> [What you will do]: Skip any image you find and restate the rest of the data word for word.

+--

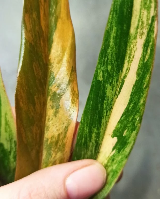 Si la lumière est trop faible, la panachure risque de s’atténuer et les nouvelles feuilles seront plus vertes que marbrées. Une lampe horticole peut être une excellente option en hiver ou dans une pièce peu exposée.
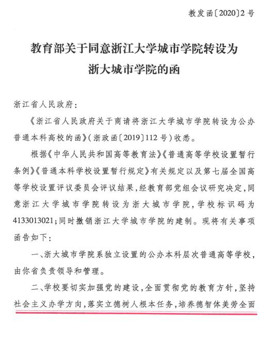 近日,教育部批复《同意浙江大学城市学院转设为浙大城市学院的函》,浙大城市学院正式成为独立设置的公办本科层次普通高等学校,学校标识码为4133013021,同时撤销浙江大学城市学院的建制。
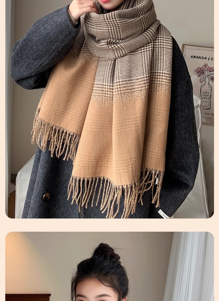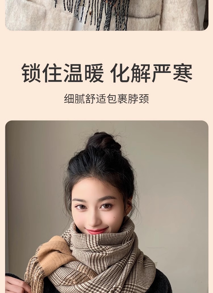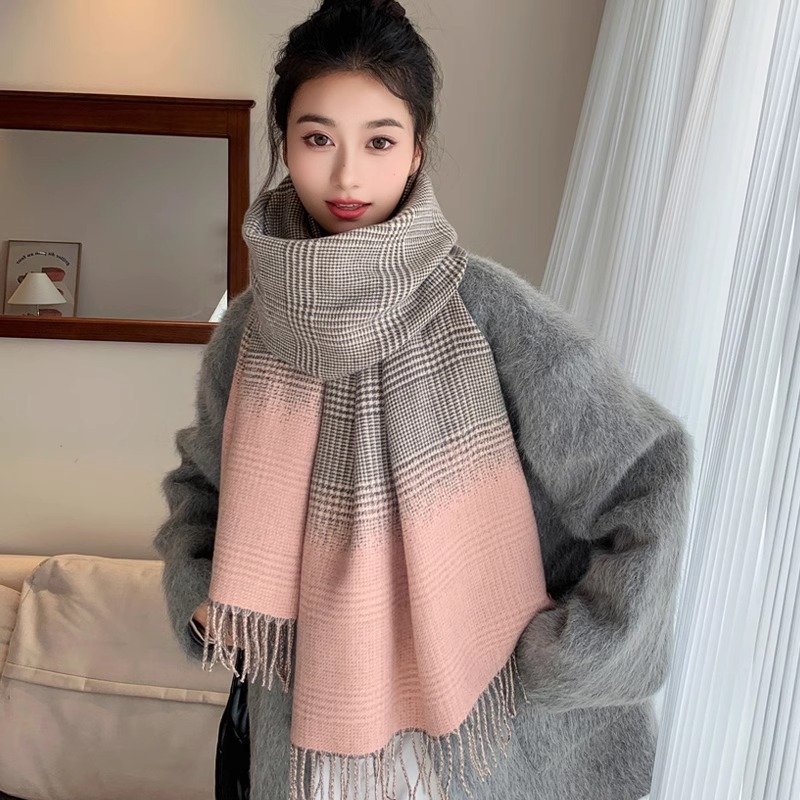 한국 2024 새로운 격자 무늬 스카프 여성 가을 겨울 학생 울 목 목도리 이중 목적 겨울 따뜻한스토어 가기
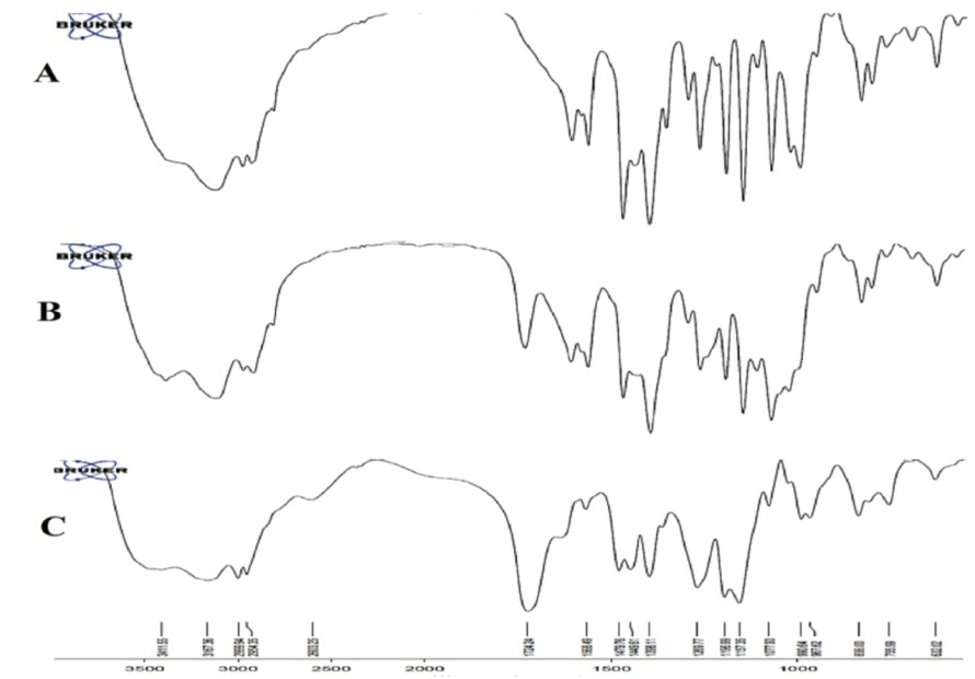 Fig. 1: Infrared spectra of A. pure EMT B. mixture of EMT+HPMCAS C. mixture of EMT+HPMCP HP-55
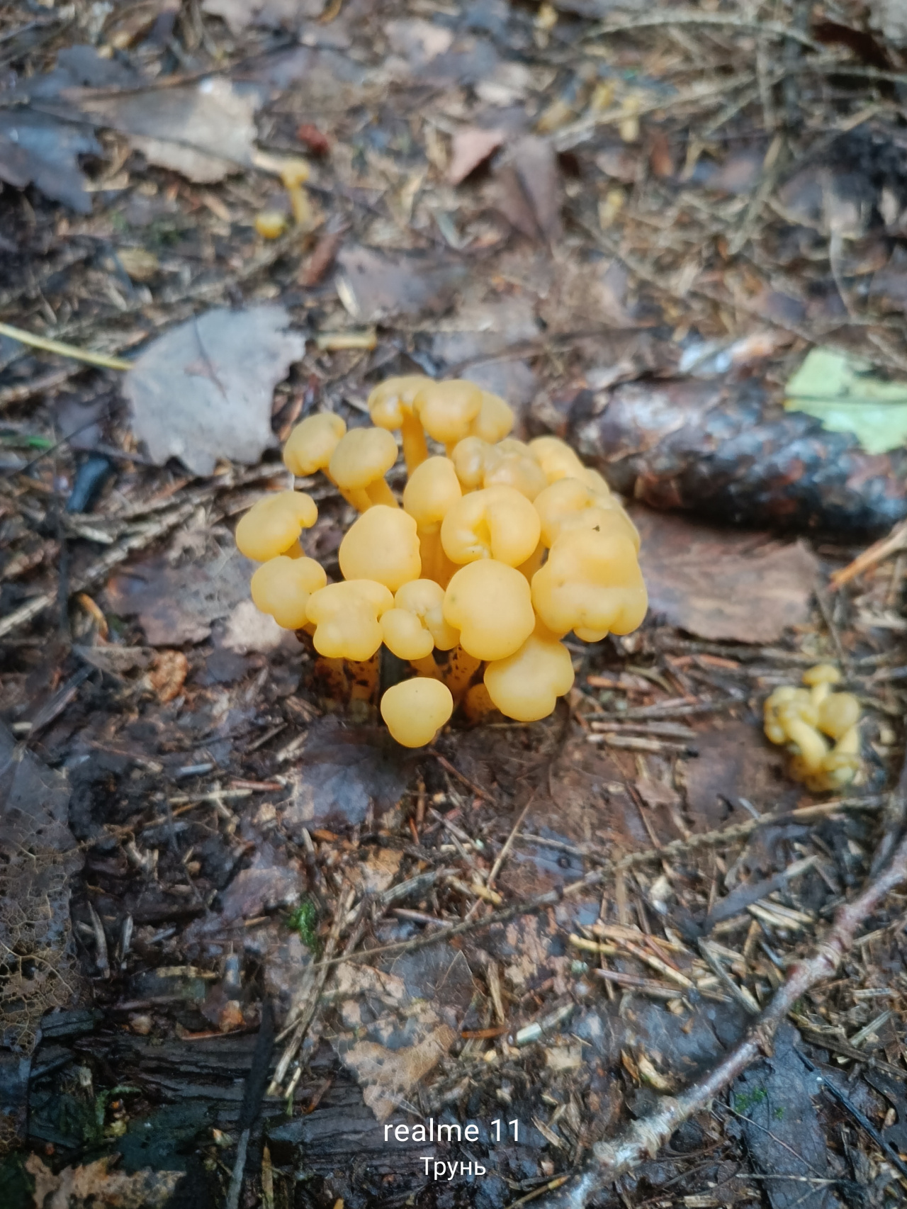 Росли семейкой. Запаха не имеют. Срывать не стал, ибо предположение, сто это леотия студёнистая, которая в Лен обл расти не должна.

+--

> [Reply to the exercise]:
 Si la lumière est trop faible, la panachure risque de s’atténuer et les nouvelles feuilles seront plus vertes que marbrées. Une lampe horticole peut être une excellente option en hiver ou dans une pièce peu exposée.
 近日,教育部批复《同意浙江大学城市学院转设为浙大城市学院的函》,浙大城市学院正式成为独立设置的公办本科层次普通高等学校,学校标识码为4133013021,同时撤销浙江大学城市学院的建制。
 한국 2024 새로운 격자 무늬 스카프 여성 가을 겨울 학생 울 목 목도리 이중 목적 겨울 따뜻한스토어 가기
 Fig. 1: Infrared spectra of A. pure EMT B. mixture of EMT+HPMCAS C. mixture of EMT+HPMCP HP-55
 Росли семейкой. Запаха не имеют. Срывать не стал, ибо предположение, сто это леотия студёнистая, которая в Лен обл расти не должна.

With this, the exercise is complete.